When it was time to speak, it was as if ice had thawed. He took steps towards her. She had fallen into a seat but he was back to his feet, advancing. Within his voice was purpose though not focus. Within his gait was alacrity but hardly menace. She was Genny and he Glenn. That was how they had reached this point. "Backwards or not at all," he prefaced knowing the context would fall in behind it. "Risk," quite the word really. "Yes. There are unsavory elements here who I have provided some information and distraction too, but that will give me quite a bit of trouble over the next few months if I stay. There's also a possibility of fairie intrigue and rogue ravens and I'm not entirely sure what that means. So that's physical risk. Everything else is more complicated." He couldn't answer what he didn't know; of course, being Glenn Burnie, he also couldn't admit to not knowing, inhibitions or no. "Right now, I'm mainly trying to stop the bleeding, I suppose. Again, the damage's already been done so that side of the risk has passed. It's quite a bit of bleeding, I'm afraid to say."
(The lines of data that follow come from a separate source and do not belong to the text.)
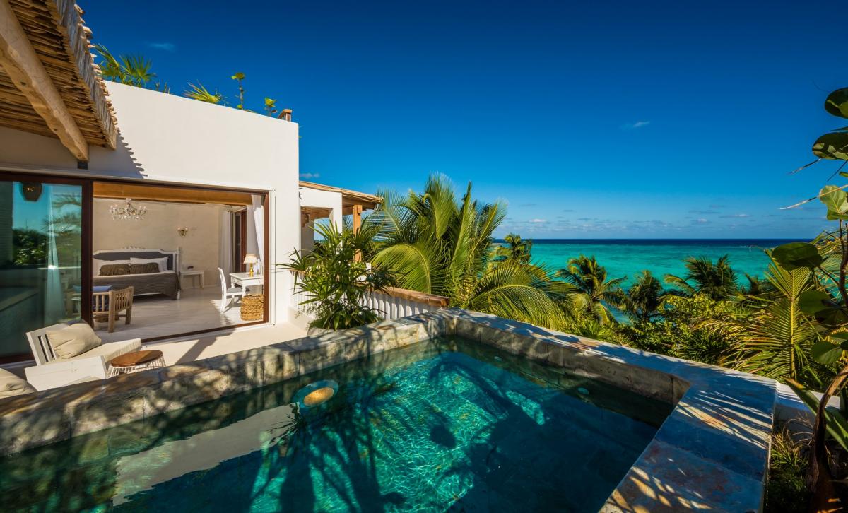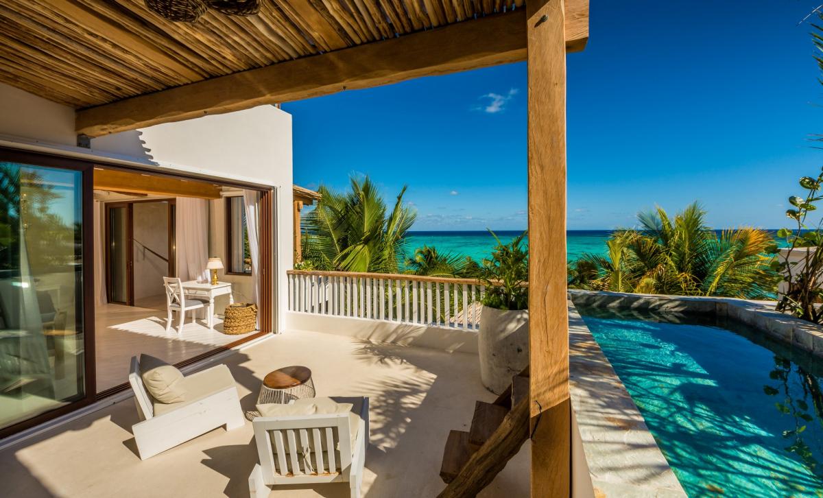 - Bedroom 1: Primary with king bed, en suite bathroom with shower and bathtub, terrace, AC, ceiling fan, hammock, ocean view, plunge pool
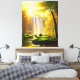 Sunrise, Waterfall, Trees, River. Beautiful Peaceful Nature Landscape Canvas Print.
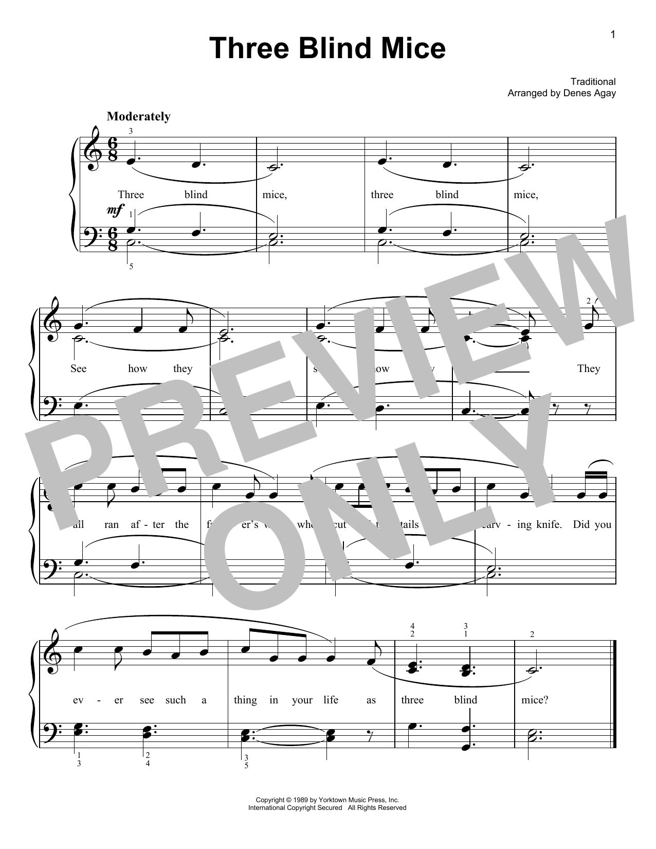Quick facts Three Blind Mice (arr. Denes Agay) about digital sheet music
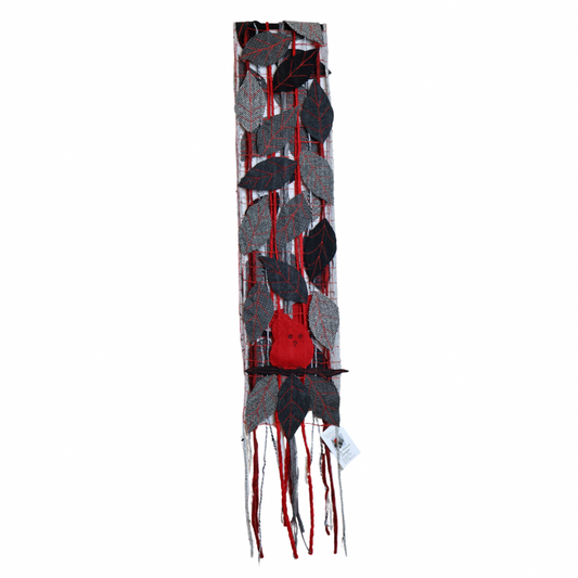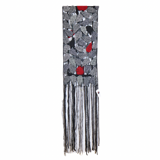 Scarf. Black & Gray with Red Birds
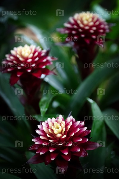 Цветки розовой бромелии Guzmania в полном цвете на фоне темно-зеленых листьев.Цветящее экзотическое эпифитное растение
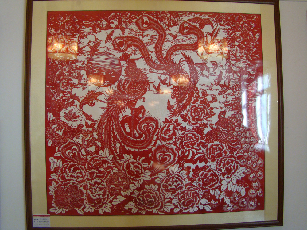 圖:中國(本溪)剪紙文化創意產業園今日展出的《百鳥朝鳳》
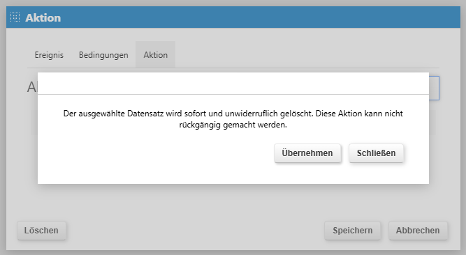 Die dritte Registerkarte Aktion beinhaltet abschließend die Aktionen, die bei positiver Prüfung der Bedingung(en) durchgeführt werden. Es stehen folgende Aktionen zur Verfügung
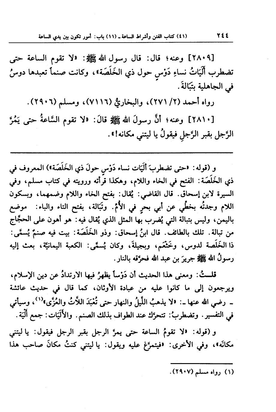 [2809] وعنه قال: قال رسول الله صلى الله عليه وسلم: لا تقوم الساعة حتى تضطرب أليات نساء دوس حول ذي الخلصة. وكانت صنما تعبدها دوس في الجاهلية بتبالة.
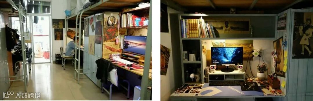 宿舍全部都是4人间,都有空调,上床下桌(本科高等院校标配),阳台,独立浴室(玫瑰园和西区是浴室洗手间一体)、洗手间,规定时间内有热水。

That would not assuage worry, though his next words, now that he'd almost reached her, close enough to look down and not just look forward, might. "I am about to head back to Myrken. That's part of why your timing is unfortunate. You can come back with me but it's been something of a wasted trip for you, I'm afraid. You'll have scant time to explore Razasan and if you had just waited, I would have come to you."

If they were, in fact, going backwards, that only left them one place to visit. "I told you everything, Genevieve, but in the letters we've traded since, you've given me no sense of what it all meant to you. Did it provide succor or sorrow?"